From such cheerless items I turn gladly to a happier theme.
As I have said elsewhere in this book, many colored people in Atlanta
are doing well in various ways. At Atlanta University I saw several
students whose fathers and mothers were graduates of the same
institution. Higher education for the negro has, thus, come into its
second generation. More prosperous negroes in Atlanta are doing social
settlement work among less fortunate members of their race, and have
started a free kindergarten for negro children. Many good people in
Atlanta are unaware of these facts, and I believe their judgment on the
entire negro question would be modified, at least in certain details,
were they merely to inform themselves upon various creditable negro
activities in the city. The northern stranger, attempting to ascertain
the truth about the negro and the negro problem, has to this extent the
advantage of the average Southerner: prejudice and indifference do not
prevent his going among the negroes to find out what they are doing for
themselves.
* * * * *
At various times in my life chance has thrown me into contact with
charities in great variety, and philanthropic work of many kinds.

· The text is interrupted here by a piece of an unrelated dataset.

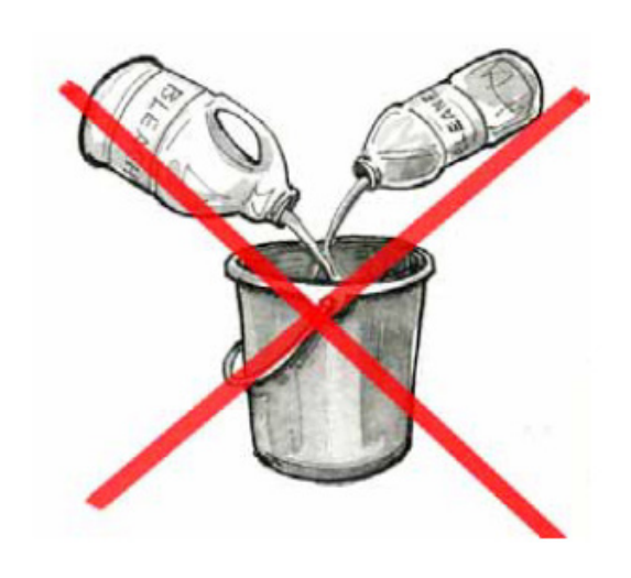
DO NOT mix bleach and ammonia because the combination can create toxic vapors.

You can usually clean and dry materials that do not soak up water, such as metal, glass and hard plastic. You should throw away materials that soak up a lot of water, such as drywall, carpets and ceiling tiles. Mold: Worker and Employer Guide to Hazards and Recommended Controls provides more information about whether to clean and dry or to throw away different types of wet materials. The Homeowner's and Renter's Guide to Mold Cleanup After Disasters explains how to separate debris for removal.

I have
seen theoretical charities, sentimental charities, silly charities,
pauperizing charities, wild-eyed charities, charities which did good,
and others which worked damage in the world; I have seen organized
charities splendidly run under difficult circumstances (as in the
Department of Charities under Commissioner Kingsbury, in New York City),
and I have seen other organized charities badly run at great expense; I
have seen charities conducted with the primary purpose of ministering to
the vanity of self-important individuals who like to say: "See all the
good that I am doing!" and I have seen other personal charities operated
(as in the case of the Rockefeller Foundation) with a perfectly
magnificent scope and effectiveness.